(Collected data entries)
____

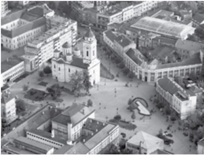
Сл. 5. Трг републике у Смедереву, снимак из ваздуха

Такође, при тумачењу стилистике индустријских капацитета требало би диференцирати примере безличног утилитаризма, модерног рационализма и умереног експресионизма, заступљених и у другим српским индустријским центрима. 25
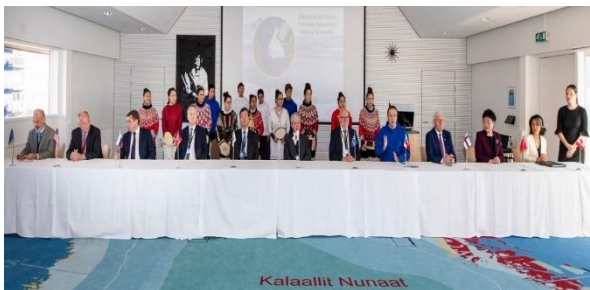
Hotel Arcticimi Ilulissani 3. oktober 2018-imi atsiogatigiinneq.

Taamanikkut Aalisarnermut, Piniarnermut Nunalerinermullu Naalakkersuisuusimasoq Ilulissani ulluni 2 – 4 oktober 2018 peqataasut atsiogatigiinneranni qaaqquisuuvoq.
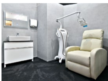
10分で2トーンほど歯が白くなるといわれる最新の3Dホワイトニングマシンや、本格エステ店で扱われるキャビテーションなどプロ仕様のマシンが揃う。
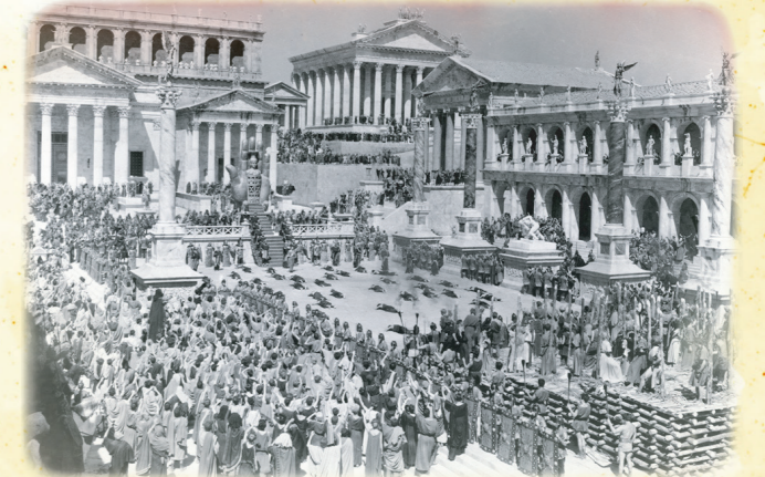
La caída del imperio romano . Las Rozas.

Los estudios cinematográficos de mayor espacio, en aquel Madrid de finales de los cincuenta y principios de los sesenta, los Sevilla films, los CEA y los Chamartín, después llamados Bronston, acogieron fastuosos decorados de castillos y palacios. Y a la sombra de aquel imperio cinematográfico, surgen otras producciones rodadas con sus medios, como son Pampa salvaje o El fantástico mundo del Doctor Coppelius , películas donde participan otros importantes nombres como Robert Taylor, Walter Slezak, Paul Naschy o Michael Rennie, rodadas en Pózuolo de Alarcón, Villamanta o San Martín de Valdeiglesias.
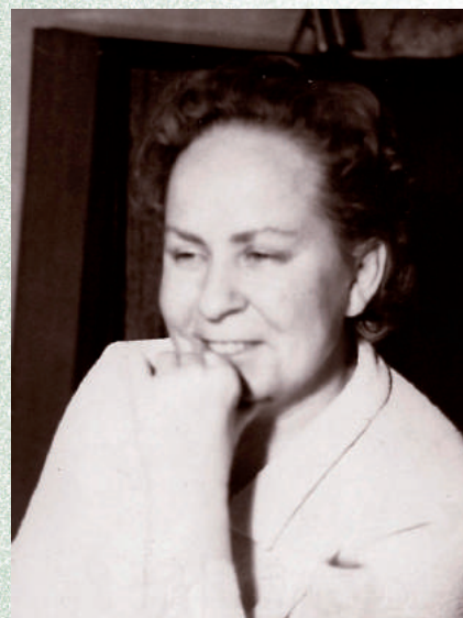
Улыбка на все времена
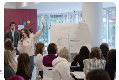
ウクライナ学生のリユニオンの様子
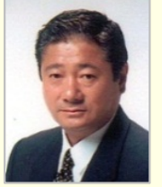
今津 寛 衆議院議員(北海道)
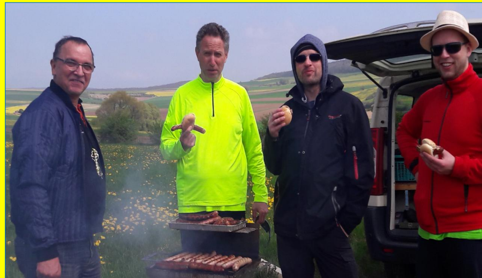
Thüringer Bratwürste vom Feinsten !
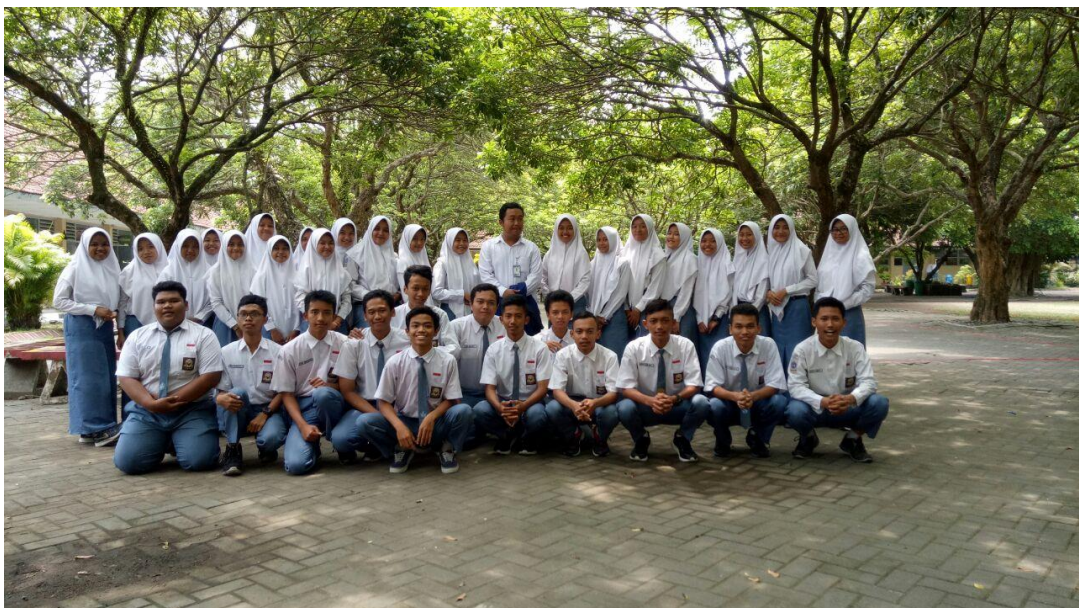
Gambar 4: Foto setelah mengajar pertemuan terakhir di XI MIPA 4
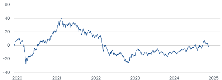
Templeton Emerging Markets Fund
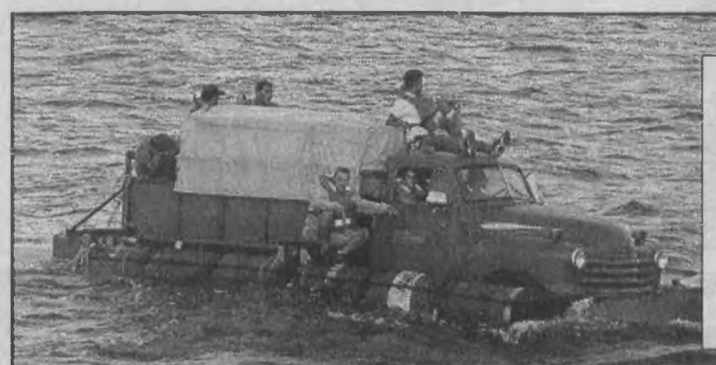
США. С острова Куба бежать можно и на грузовике — находчивые нелегальные эмигранты превратили его в плавсредство и умудрились доплыть до территориальных вод США, чем немало поразили береговую охрану.

жекторных двигателей V-8, работающих на газовом топливе, для иранской компании Zamyad. Помимо развития экспорта двигателей вторым важным для ЗМЗ направлением является развитие поставок за рубеж компонентов: уже в настоящий момент ЗМЗ реализует проекты по поставке сталеалюминиевой ленты производства ООО "ЗМЗ-Подшипники скольжения" в Турцию (годовой объем поставок оценивается в 200 тыс. евро) и по поставке сталеалюминиевого сплава в Израиль (годовой объем поставок оценивается в 300 тыс. евро).

____

_What needs to be done:_
Write out each line above containing "oktober".

_Problem solution:_
Hotel Arcticimi Ilulissani 3. oktober 2018-imi atsiogatigiinneq.
Taamanikkut Aalisarnermut, Piniarnermut Nunalerinermullu Naalakkersuisuusimasoq Ilulissani ulluni 2 – 4 oktober 2018 peqataasut atsiogatigiinneranni qaaqquisuuvoq.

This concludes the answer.